▶ Extracted information
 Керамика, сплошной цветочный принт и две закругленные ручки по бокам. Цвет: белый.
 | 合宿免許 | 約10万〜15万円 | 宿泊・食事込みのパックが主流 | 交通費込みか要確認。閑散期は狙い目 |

==

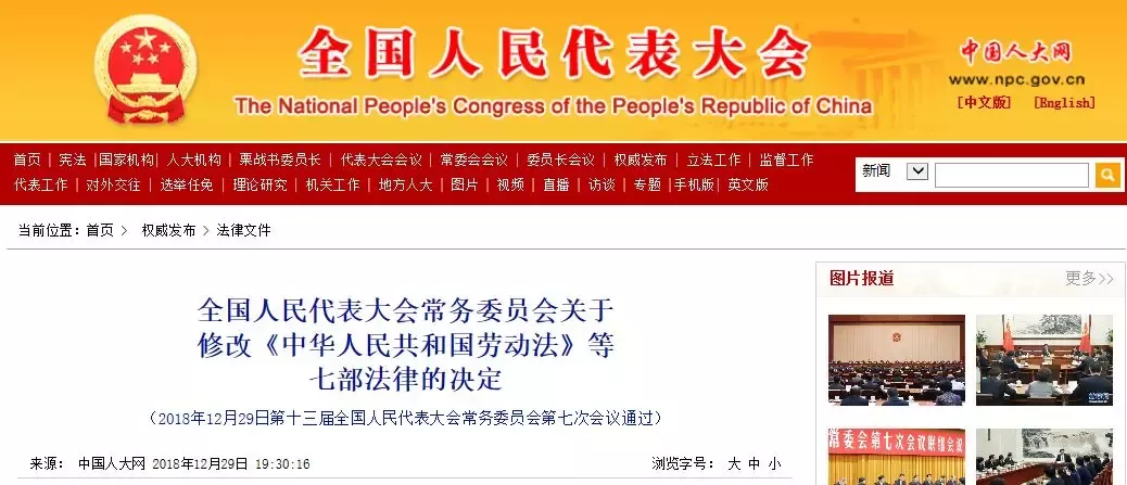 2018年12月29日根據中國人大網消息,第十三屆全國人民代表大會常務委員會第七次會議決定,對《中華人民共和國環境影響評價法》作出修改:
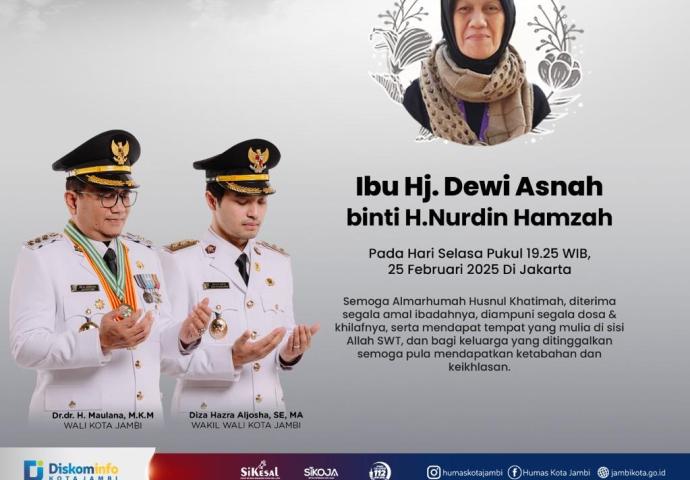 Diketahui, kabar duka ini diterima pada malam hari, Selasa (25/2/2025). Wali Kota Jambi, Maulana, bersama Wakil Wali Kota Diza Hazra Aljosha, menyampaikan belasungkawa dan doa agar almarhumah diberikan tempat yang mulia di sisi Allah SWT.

---

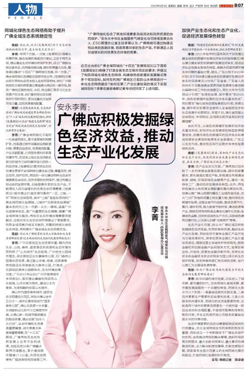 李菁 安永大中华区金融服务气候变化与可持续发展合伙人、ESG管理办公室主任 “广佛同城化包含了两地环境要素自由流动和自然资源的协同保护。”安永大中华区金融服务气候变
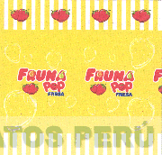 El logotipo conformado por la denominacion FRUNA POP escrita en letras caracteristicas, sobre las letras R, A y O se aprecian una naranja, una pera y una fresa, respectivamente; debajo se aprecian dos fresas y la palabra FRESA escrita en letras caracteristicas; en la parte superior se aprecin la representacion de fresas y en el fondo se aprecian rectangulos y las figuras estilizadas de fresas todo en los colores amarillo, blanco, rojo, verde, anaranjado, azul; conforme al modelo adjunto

▶ To do
Retype the portion of the data above that starts on the line with "Керамика, сплошной цветочный" and finishes on the line with "宿泊・食事込みのパックが主流 | 交通費込みか要確認。閑散期は狙い目 |", including both of those lines.

▶ Solved problem
 Керамика, сплошной цветочный принт и две закругленные ручки по бокам. Цвет: белый.
 | 合宿免許 | 約10万〜15万円 | 宿泊・食事込みのパックが主流 | 交通費込みか要確認。閑散期は狙い目 |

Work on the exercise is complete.